The researchers focused on lemon sharks, but the findings likely apply to many other species. These particular lemon sharks live off the island Bimini in The Bahamas.

Kevin Feldheim, manager of the Pritzker Laboratory for Molecular Systematics and Evolution at The Field Museum, led the study. In 1995, he and his colleagues captured, tagged and released more than 2,000 baby lemon sharks.

“We used each shark’s individual DNA fingerprint to construct a large family tree,” Feldheim explained in a press release.

“We found that newborn sharks captured in the mid-1990s left the safety of the islands when they were between five and eight years old. Yet, despite leaving and visiting many other islands in their travels, these sharks ‘remember’ where they were born after a decade of roving, and are able to find the island again when they are pregnant and ready to give birth.”

Many other scientists had speculated that lemon sharks and other shark species had this ability, but the researchers could never prove it until now due to difficulties tracking sharks from birth to maturity. Bimini, though, provided an ideal spot to test out the theory.

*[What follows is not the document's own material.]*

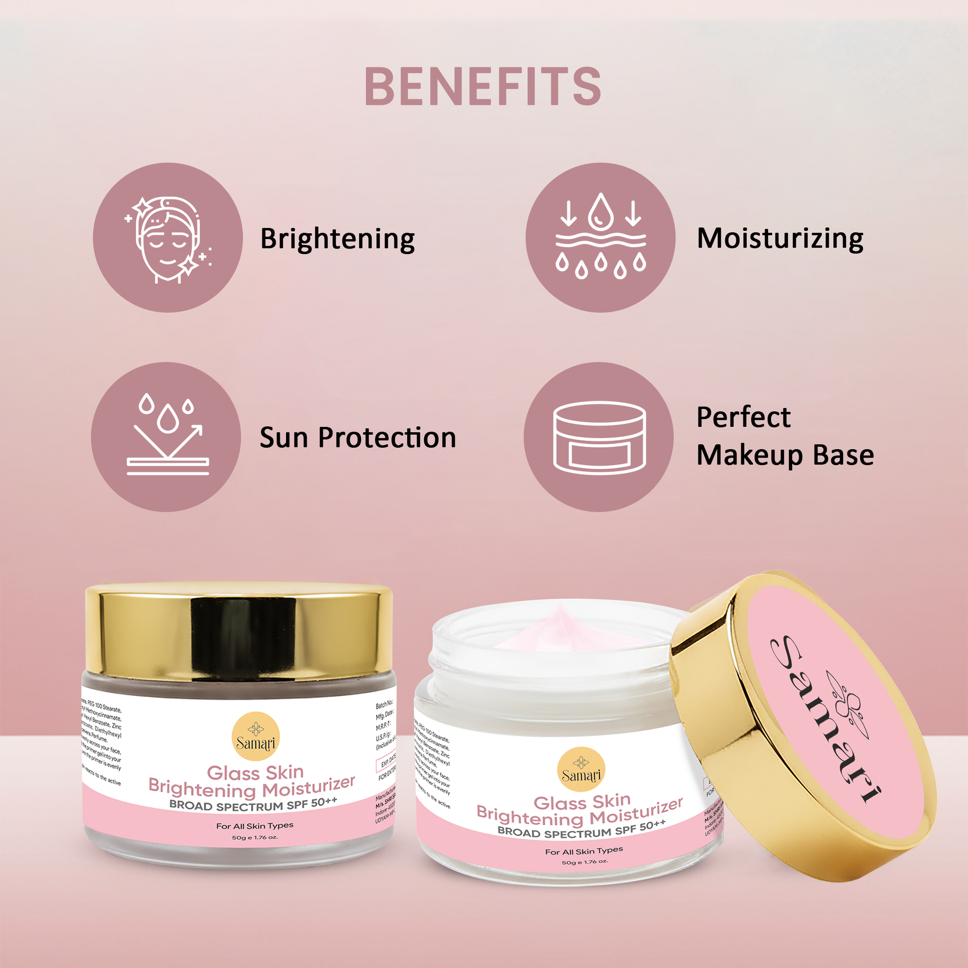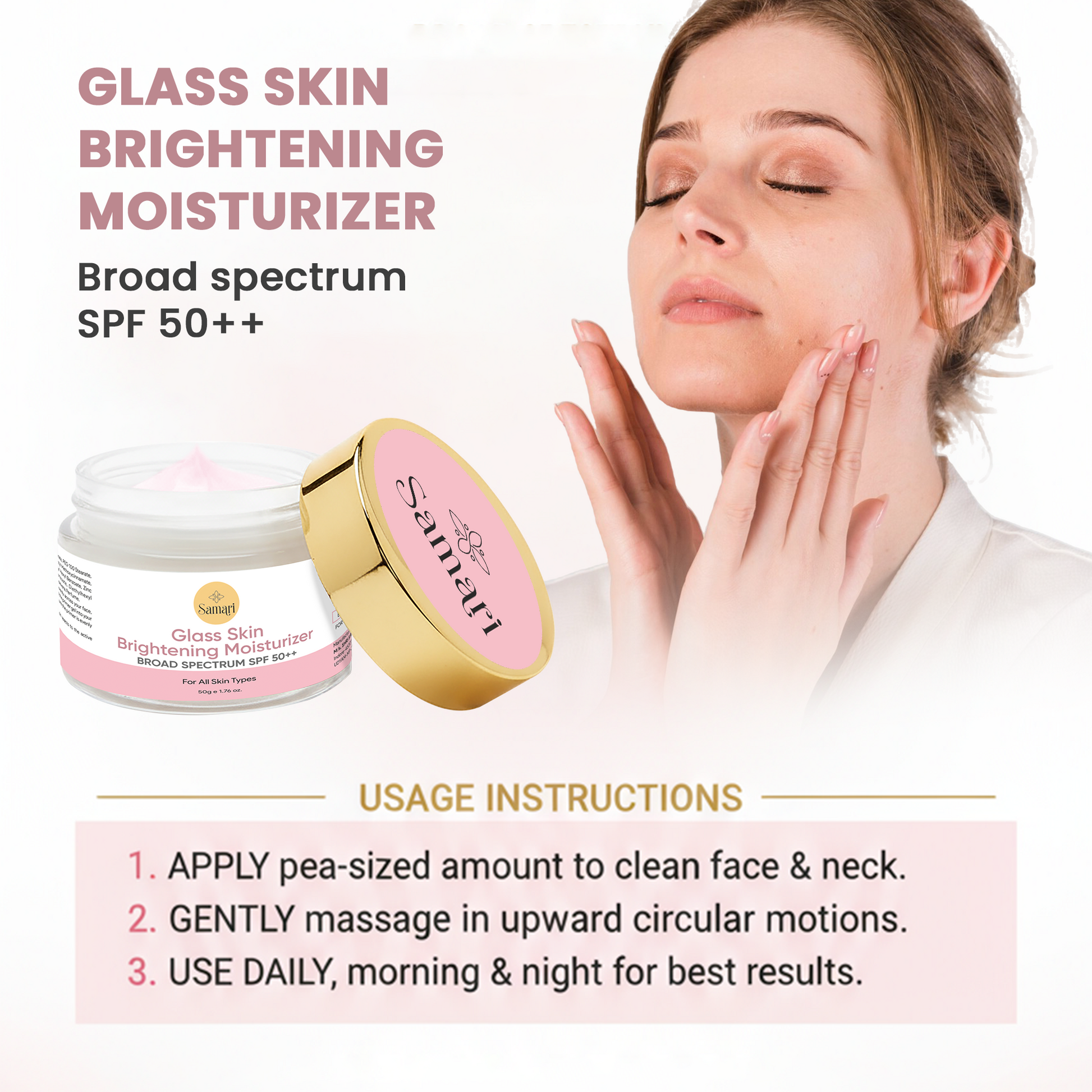 Samari Glass Skin Brightening Moisturiser SPF 50++ gives you that fresh, luminous look from the very first use. Its soft, buttery texture glides on smoothly, keeping your skin hydrated, bright, and naturally radiant all day.
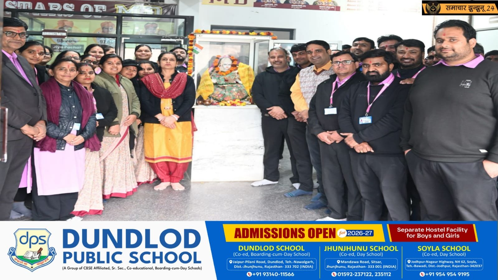 चिड़ावा: झुंझुनूं रोड़ स्थित एम. डी. ग्रुप ऑफ एजुकेशन में 23 जनवरी 2026 को बसंत पंचमी महोत्सव बड़े ही श्रद्धा, उल्लास और सांस्कृतिक गरिमा के साथ मनाया गया। *माँ सरस्वती पूजा, वैदिक विधि-विधान, सांस्कृतिक कार्यक्रमों और प्रेरणादायक संबोधनों के साथ यह आयोजन *शिक्षा, संस्कृति और आध्यात्मिकता का अद्भुत संगम बन गया।

“The lagoon in Bimini is almost like a lake,” said project founder Samuel Gruber, president and director of the Bimini Biological Field Station Foundation. “I realized that we had a chance to capture nearly every shark born into the lagoon each year, and this gave us the unique opportunity to see if the females actually come back to give birth. However it took us nearly two decades and countless hours in the field and laboratory, but we finally answered this long-standing question and many others with this paper.”

Now, conservationists have a better idea where to designate inshore marine reserves. Sharks aren’t just rogue ocean wanderers. They, and especially females, have a strong sense of home that stays with them throughout their entire lives.

“When we tagged the first baby sharks in Bimini, Bill Clinton was President of the United States,” said co-author Demian Chapman of Stony Brook University. “When they started to mature and return to give birth, Barack Obama was President. If you think of all that has happened in the world over that period, just consider that is the amount of time it takes for many large sharks to reach maturity.”